Top of Available data

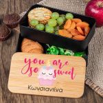 Παιδικό δοχείο φαγητού υψηλής ποιότητας, με 2 επιπέδα & εκτυπωμένο το όνομα του παιδιού ώστε να το ξεχωρίζει στο σχολείο!
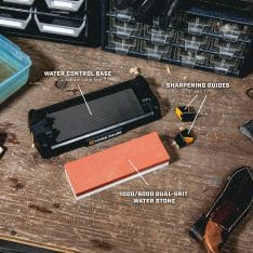 Work Sharp WHT våtslipestein er et slipesteinsystem med to korninger vannslipesstein, og vinkeljigger for sliping av kniver og annet «eggverktøy»
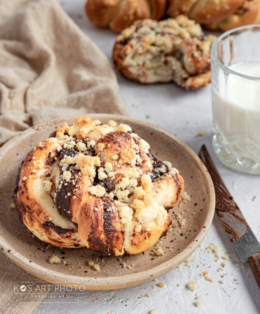 Jakie jedzenie kojarzy wam się z dzieciństwem? U mnie bezkonkurencyjnie będzie to chałka z nutellą! Mogłam jeść codziennie na śniadanie (i właściwie to prawie codziennie jadłam, haha). Moja córka też uwielbia chałkę, tym razem postanowiłam przygotować je w formie mini bułeczek, z domowym kremem orzechowym czekoladowym i waniliową kruszonką. Na blogu pojawiły się już dwa przepisy na domową nutellę, oba super sprawdzą się w przygotowaniu tych bułeczek. I na pewno będzie to lepsza i zdrowsza alternatywa dla kupnym kremów 😉 Poniżej podrzucam linki, oraz przepis na chałeczki.
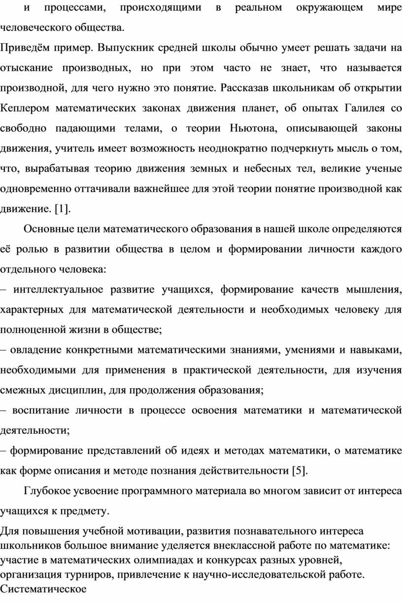 Основные цели математического образования в нашей школе определяются её ролью в развитии общества в целом и формировании личности каждого отдельного человека:
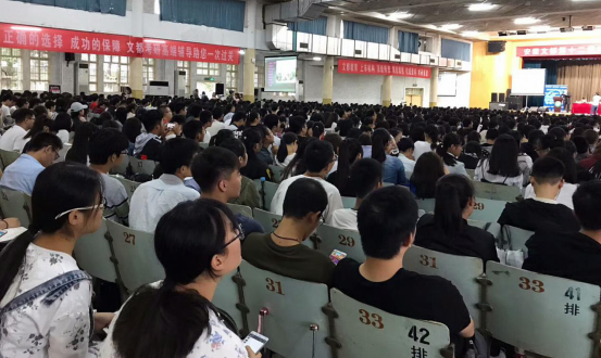 为方便学生入场,安徽文都工作人员分为外场指挥组、内场指挥组、师资接待组、宣传组、音响设备组、安全保卫组、后勤组等9个小组,确保场地内外井然有序。
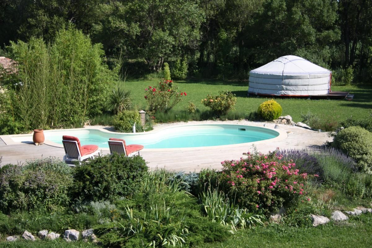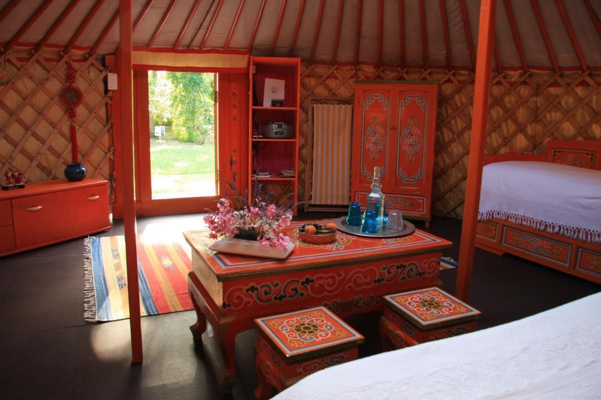 Nous vous recevons dans un bel espace verdoyant et ombragé, à proximité du village (10 mn à pied) véritable yourte mongole de 32 m² équipée pour 4 personnes (1x2 pers + 2x1 pers), table basse et 4 tabourets. Bloc sanitaires (douche/wc) et cuisine privatif dans la prairie, 2 salons de jardin. Petit déjeuner copieux servis avec des produits faits maison ou issus de productions locales (possibilité de le déduire du tarif, pas de petits déjeuners en pleine saison). Piscine paysagère sécurisée (4 x 8 m) commune avec les propriétaires. Espace extérieur privatif de 1000 m². Accès internet. Parking. Accueil motards.Prestation massages sur demande (ayurvédique, chinois, thaï par une masseuse diplômée). Location > 4 nuits : tarif forfaitaire à partir de 300€. Tarif dégressif à la nuit à partir de 2 nuits.
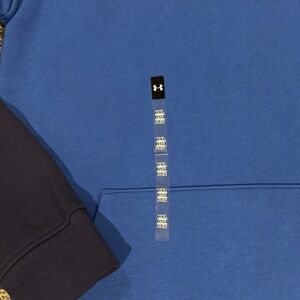 Vibrant royal blue hoodie. Contrasting navy sleeves. Under Armour logo on chest, hood, and front pocket

Bottom of Available data

**What you are asked to do:**
The line containing "Nous vous recevons" and every line after it, up to the last line of the data, should be returned exactly, without the pictures.

**Expected output:**
 Nous vous recevons dans un bel espace verdoyant et ombragé, à proximité du village (10 mn à pied) véritable yourte mongole de 32 m² équipée pour 4 personnes (1x2 pers + 2x1 pers), table basse et 4 tabourets. Bloc sanitaires (douche/wc) et cuisine privatif dans la prairie, 2 salons de jardin. Petit déjeuner copieux servis avec des produits faits maison ou issus de productions locales (possibilité de le déduire du tarif, pas de petits déjeuners en pleine saison). Piscine paysagère sécurisée (4 x 8 m) commune avec les propriétaires. Espace extérieur privatif de 1000 m². Accès internet. Parking. Accueil motards.Prestation massages sur demande (ayurvédique, chinois, thaï par une masseuse diplômée). Location > 4 nuits : tarif forfaitaire à partir de 300€. Tarif dégressif à la nuit à partir de 2 nuits.
 Vibrant royal blue hoodie. Contrasting navy sleeves. Under Armour logo on chest, hood, and front pocket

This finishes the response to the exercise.